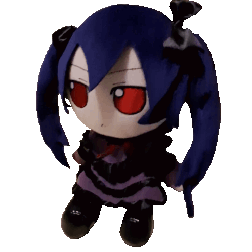 A cute Fumo Fumofumo Himawari doll with blue twintails and a purple dress gently bounces, vibing playfully.
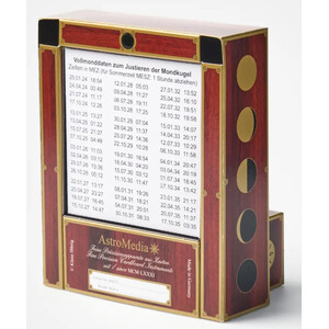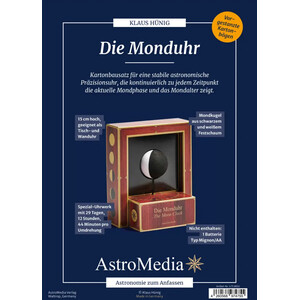 Die Monduhr von AstroMedia hat zwar historische Vorbilder in den großen astronomischen Uhren des Mittelalters, aber als Wand- und Tischuhr ist sie vermutlich weltweit die erste und einzige, die den Wandel der Mondphase auf diese Weise zeigt. Der Zusammenbau dieses Kartonbausatzes mit Spezialuhrwerk ist unkompliziert und führt zügig zu einem sehr edlen Ergebnis.
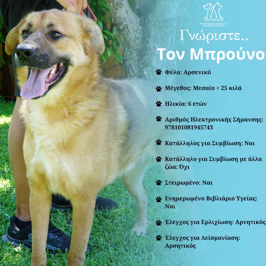 Ο Μπρουνο είναι ένας χαρούμενος και φιλικός σκύλος, έτοιμος να βρει τον δρόμο προς ένα νέο σπίτι και μια αγαπημένη οικογένεια. Αρσενικό, μεγάλου μεγέθους (πάνω από 25 κιλά) και ηλικίας 6 ετών, ο Μπρουνο είναι κατάλληλος για συμβίωση με παιδιά και άλλα ζώα. Έχει στειρωθεί και διαθέτει ενημερωμένο βιβλιάριο υγείας, ενώ οι έλεγχοι για ερλιχιώσεις και λεισμανίαση είναι αρνητικοί. Ο αριθμός ηλεκτρονικής σήμανσης 978101081945743. Εάν ενδιαφέρεστε να τον γνωρίσετε, επικοινωνήστε για περισσότερες πληροφορίες.
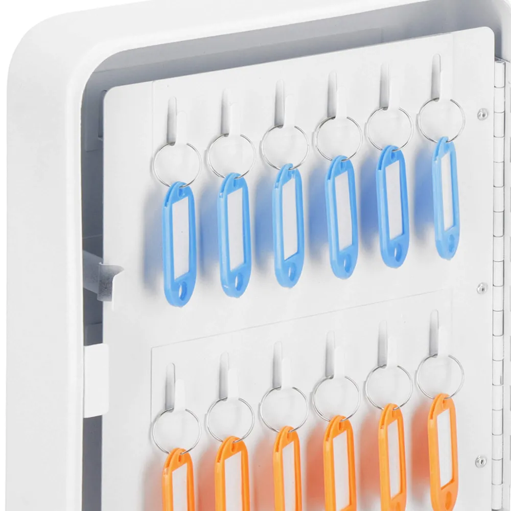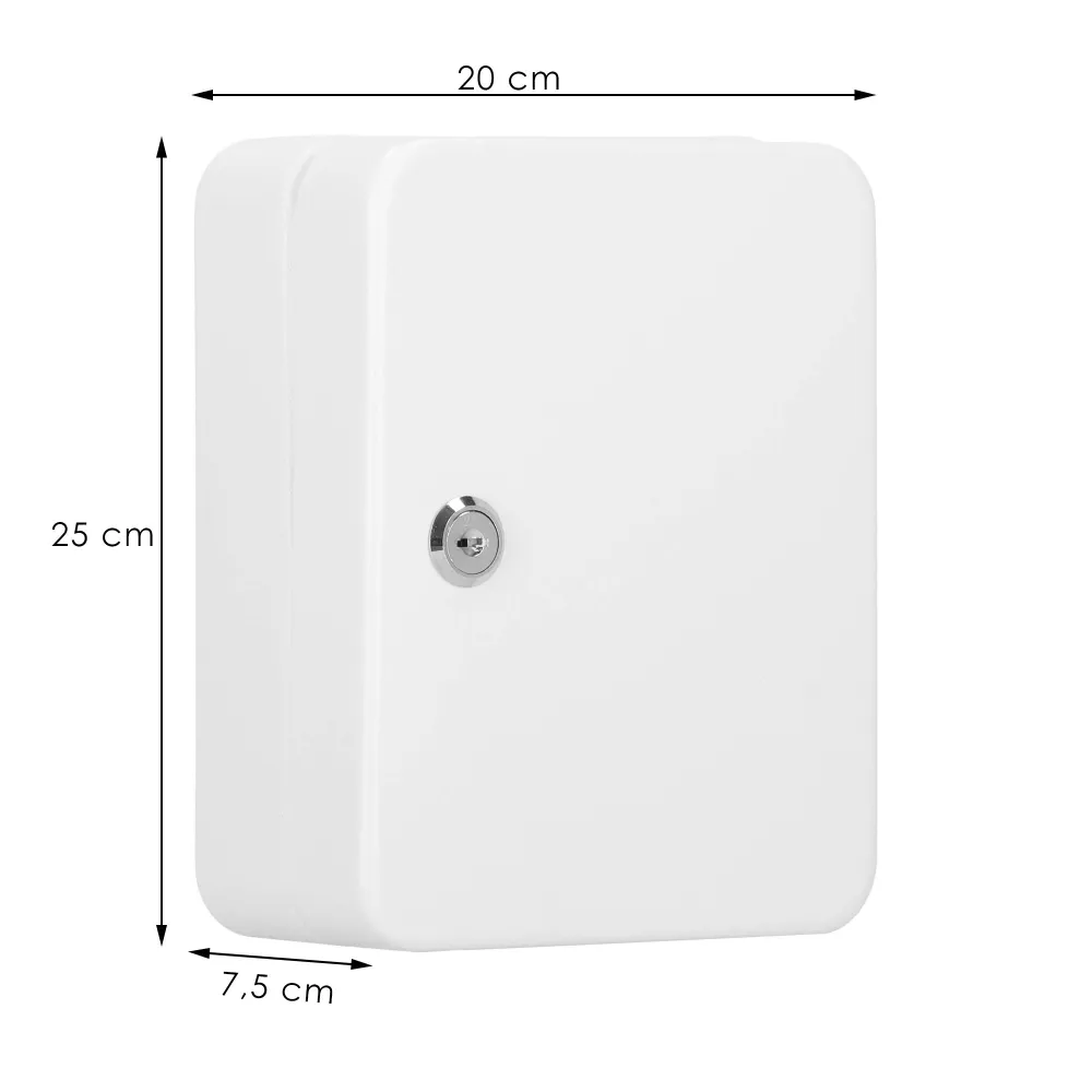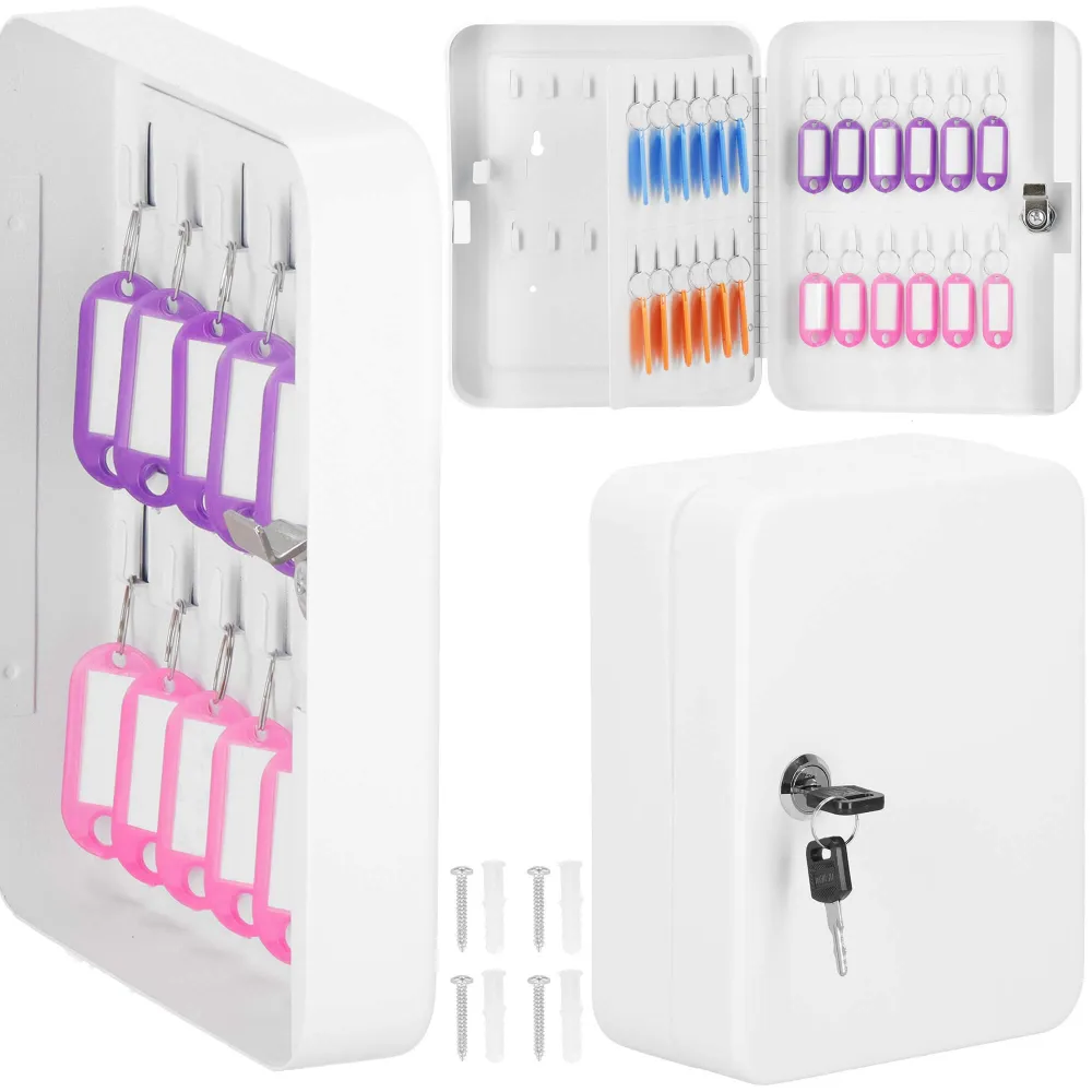 Uzamykateľná schránka na kľúče, ktorú ľahko zavesíte na stenu. Vyrobené z odolných materiálov, má silné steny. Predchystané otvory na zadnej strane umožňujú zavesenie na stenu. 48 háčikov na kľúče. Súčasťou tiež 48 príveskov na kľúče pre ľahšiu orientáciu. Bude sa hodiť v každej domácnosti, kancelárii, škole, vrátnici alebo šatni.

REQUIREMENT -> When you restate the listing above, give each line word for word but leave out every image.

SOLUTION TO THIS PROBLEM ->
 A cute Fumo Fumofumo Himawari doll with blue twintails and a purple dress gently bounces, vibing playfully.
 Die Monduhr von AstroMedia hat zwar historische Vorbilder in den großen astronomischen Uhren des Mittelalters, aber als Wand- und Tischuhr ist sie vermutlich weltweit die erste und einzige, die den Wandel der Mondphase auf diese Weise zeigt. Der Zusammenbau dieses Kartonbausatzes mit Spezialuhrwerk ist unkompliziert und führt zügig zu einem sehr edlen Ergebnis.
 Ο Μπρουνο είναι ένας χαρούμενος και φιλικός σκύλος, έτοιμος να βρει τον δρόμο προς ένα νέο σπίτι και μια αγαπημένη οικογένεια. Αρσενικό, μεγάλου μεγέθους (πάνω από 25 κιλά) και ηλικίας 6 ετών, ο Μπρουνο είναι κατάλληλος για συμβίωση με παιδιά και άλλα ζώα. Έχει στειρωθεί και διαθέτει ενημερωμένο βιβλιάριο υγείας, ενώ οι έλεγχοι για ερλιχιώσεις και λεισμανίαση είναι αρνητικοί. Ο αριθμός ηλεκτρονικής σήμανσης 978101081945743. Εάν ενδιαφέρεστε να τον γνωρίσετε, επικοινωνήστε για περισσότερες πληροφορίες.
 Uzamykateľná schránka na kľúče, ktorú ľahko zavesíte na stenu. Vyrobené z odolných materiálov, má silné steny. Predchystané otvory na zadnej strane umožňujú zavesenie na stenu. 48 háčikov na kľúče. Súčasťou tiež 48 príveskov na kľúče pre ľahšiu orientáciu. Bude sa hodiť v každej domácnosti, kancelárii, škole, vrátnici alebo šatni.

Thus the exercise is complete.